子どものころ、千葉直人はヒーローになりたかった。
マンガに出てくるような主人公。悪の組織と戦うスーパーヒーロー。
大人になって気づいた。この世に悪の組織なんてなかった。
かわりに立ちはだかっていたのは、日本をとりまく社会問題。
貧困。差別。格差社会。人口減少。外国人問題。そして日本人同士の分断。
そのどれもが、放っておいていいものではない。なんとかしなければ……。
直人は今朝、夢を見た。とてもリアルな夢だった。
国会議事堂をとりかこむ数万の民衆。日本政府に異をとなえる反逆者たち。
それをむかえうつ、警察機動隊。
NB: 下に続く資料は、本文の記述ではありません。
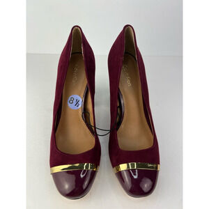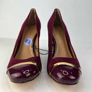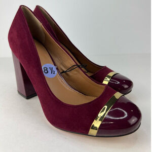 Calvin Klein Carlia Womens Sz 8.5 Burgundy Gold Block Heels Suede Patent Cap Toe Pumps

火炎瓶がとびかい、放水車が出動し、
道路に無数の負傷者がころがっている。そんな夢だ。
マジであせった。夢とは思えないリアリティー。
激化するデモ隊に業を煮やした政府は、武力鎮圧を決断。
荒ぶる民衆に装甲車がつっこんでいくまさにそのとき、直人は目がさめた。
ひどい夢だ。まだドキドキしてる。
だって装甲車だぜ。せっぱ詰まりすぎ。
めざめた直人は、ふとんの中でしばらく考えていた。
いまの日本にはたくさんの問題が山積している。
このままでいいわけがない。オレだってなんとかしたい。
いや、なんとかしなきゃいけない。でもどうすりゃいい?
お金もない。権力もない。
なにも持たないハタチのオレに、なにができるっていうんだ。
高卒で上京して、近所のスーパーでアルバイトをしながら、安アパートでひとり暮らし。
さえない男の三段活用。いわゆる貧困層ってのは、オレのことをいうんだろうなぁ。
そんなこともふくめ、いまの状況を、この社会をなんとかしたい。なんとか変えたい。
そう思っている。思ってはいるけど、なにをどうすれば……。
ピンポーン!
ふいに玄関のチャイムが鳴った。
枕もとのスマホに手をのばす。八時二十分だ。
だれだよ、こんな朝っぱらから。
そんな簡単に、ひとんちのチャイムを鳴らすなよ。
いつもなら出ない。まだ寝ている時間だ。
こんな失礼なチャイム、ガン無視だよ。
でもまぁ、きょうは起きてるし。出てやらんこともないけどな。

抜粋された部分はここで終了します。